**DATA FOR THIS EXERCISE:**
▬▬▬
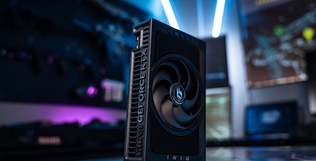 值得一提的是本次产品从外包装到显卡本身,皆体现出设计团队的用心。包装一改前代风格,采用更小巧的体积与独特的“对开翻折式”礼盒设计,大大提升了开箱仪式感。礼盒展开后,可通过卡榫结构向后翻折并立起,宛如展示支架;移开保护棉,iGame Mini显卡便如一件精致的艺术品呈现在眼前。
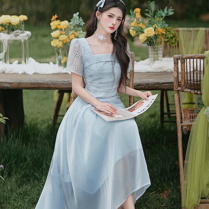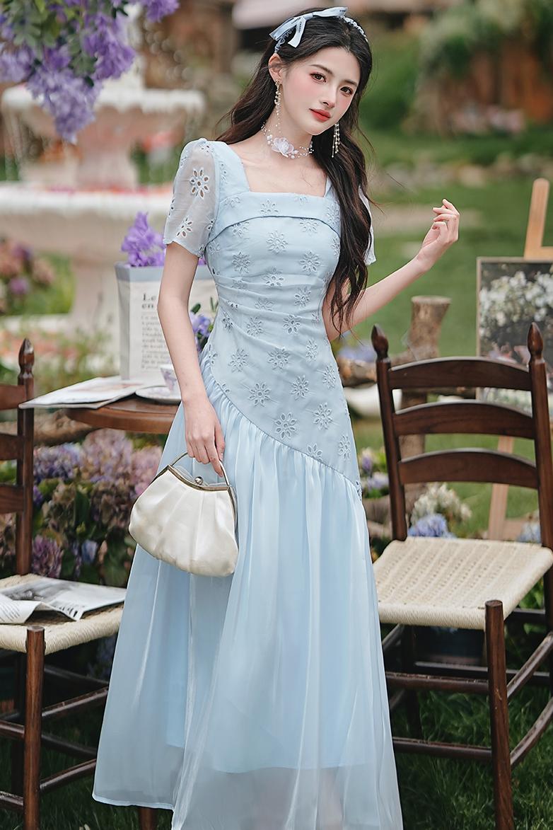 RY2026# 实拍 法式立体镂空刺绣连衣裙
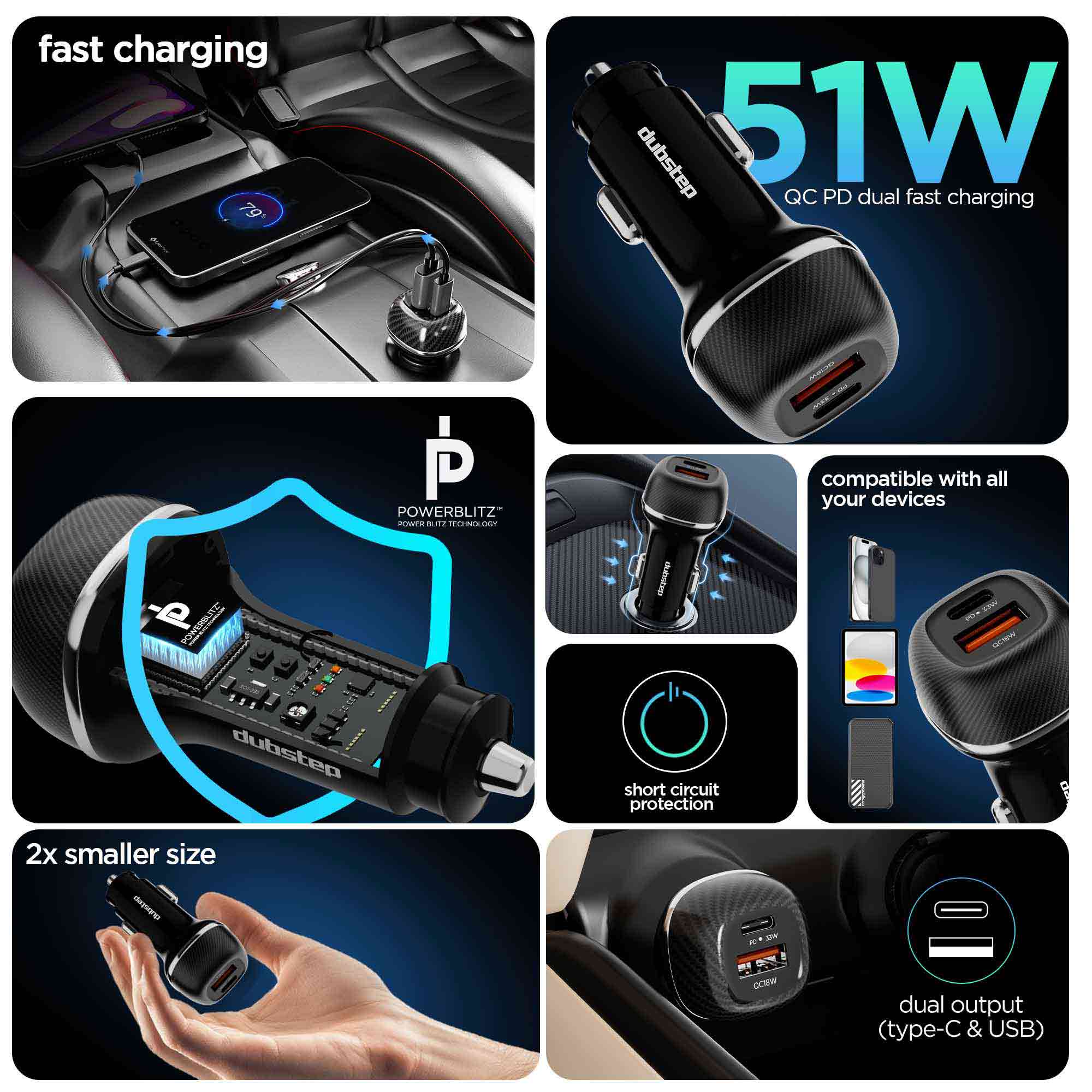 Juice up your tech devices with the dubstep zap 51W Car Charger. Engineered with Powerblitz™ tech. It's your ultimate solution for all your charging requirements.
▬▬▬
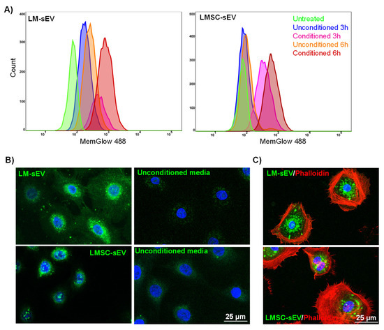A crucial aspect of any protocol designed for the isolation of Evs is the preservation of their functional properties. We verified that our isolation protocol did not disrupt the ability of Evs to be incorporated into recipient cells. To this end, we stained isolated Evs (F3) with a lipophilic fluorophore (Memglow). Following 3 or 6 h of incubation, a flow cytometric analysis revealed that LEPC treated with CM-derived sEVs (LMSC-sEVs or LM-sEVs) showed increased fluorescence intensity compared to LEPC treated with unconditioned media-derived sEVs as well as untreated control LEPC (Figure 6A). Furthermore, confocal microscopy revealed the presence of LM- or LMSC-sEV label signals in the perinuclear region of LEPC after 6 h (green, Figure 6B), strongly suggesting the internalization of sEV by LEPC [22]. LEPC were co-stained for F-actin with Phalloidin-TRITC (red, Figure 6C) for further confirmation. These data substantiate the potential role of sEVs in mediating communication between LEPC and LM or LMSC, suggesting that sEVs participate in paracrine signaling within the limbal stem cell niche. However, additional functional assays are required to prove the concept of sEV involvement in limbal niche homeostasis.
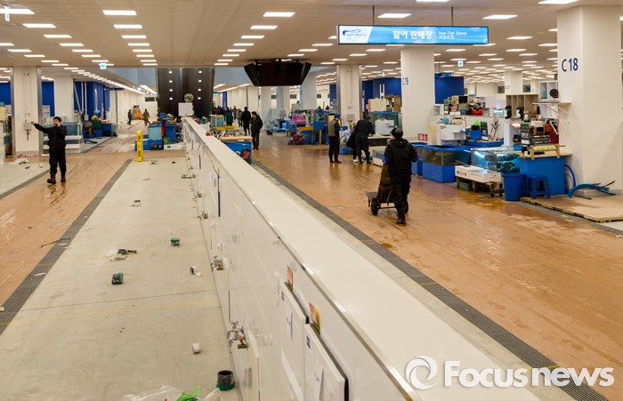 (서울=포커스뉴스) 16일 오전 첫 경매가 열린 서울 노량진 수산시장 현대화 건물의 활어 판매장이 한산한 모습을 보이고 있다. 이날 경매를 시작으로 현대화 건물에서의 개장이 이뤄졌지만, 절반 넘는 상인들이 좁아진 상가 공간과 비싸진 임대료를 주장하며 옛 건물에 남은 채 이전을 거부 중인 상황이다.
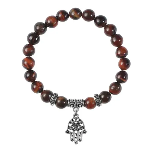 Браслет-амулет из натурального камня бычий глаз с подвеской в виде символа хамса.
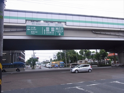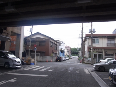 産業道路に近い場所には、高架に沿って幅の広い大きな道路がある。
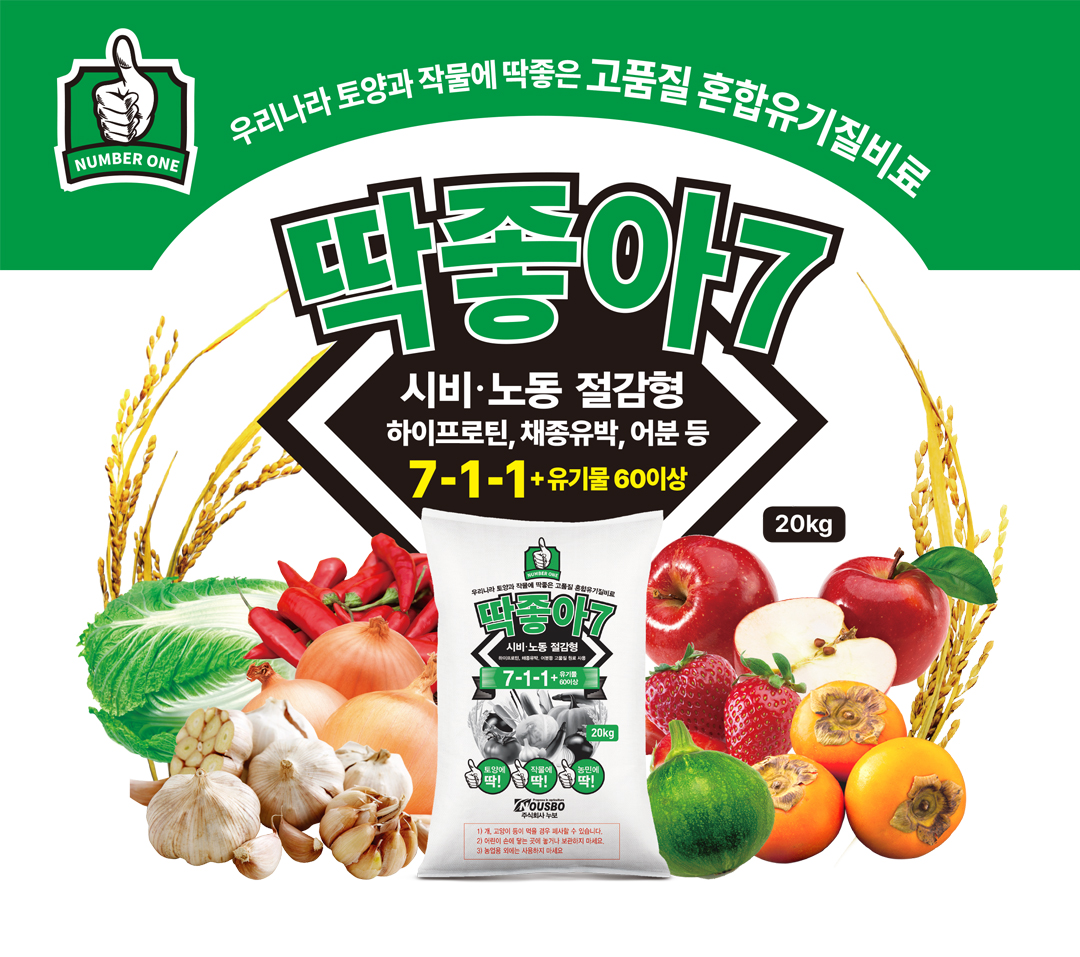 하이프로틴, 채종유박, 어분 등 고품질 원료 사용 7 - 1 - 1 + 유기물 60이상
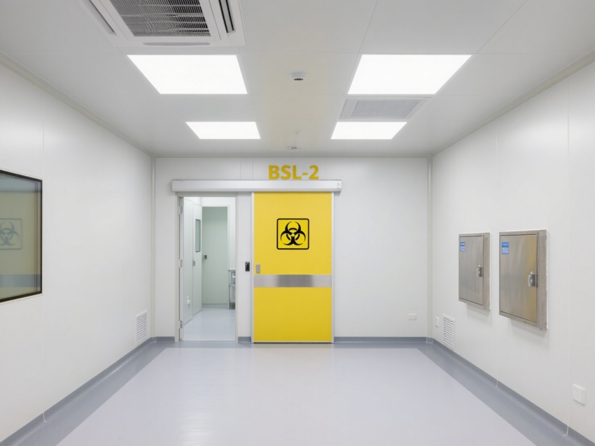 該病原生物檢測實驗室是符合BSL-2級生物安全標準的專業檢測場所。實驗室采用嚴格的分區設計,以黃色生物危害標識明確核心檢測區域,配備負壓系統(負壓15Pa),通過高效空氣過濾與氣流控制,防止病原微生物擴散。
▬▬▬
**WHAT IS BEING ASKED:**
Print, exactly and with no pictures, the lines of the listing above starting at the one that has "하이프로틴, 채종유박, 어분" and ending at the one that has "該病原生物檢測實驗室是符合B", both included.

**RESPONSE AREA:**
 하이프로틴, 채종유박, 어분 등 고품질 원료 사용 7 - 1 - 1 + 유기물 60이상
 該病原生物檢測實驗室是符合BSL-2級生物安全標準的專業檢測場所。實驗室采用嚴格的分區設計,以黃色生物危害標識明確核心檢測區域,配備負壓系統(負壓15Pa),通過高效空氣過濾與氣流控制,防止病原微生物擴散。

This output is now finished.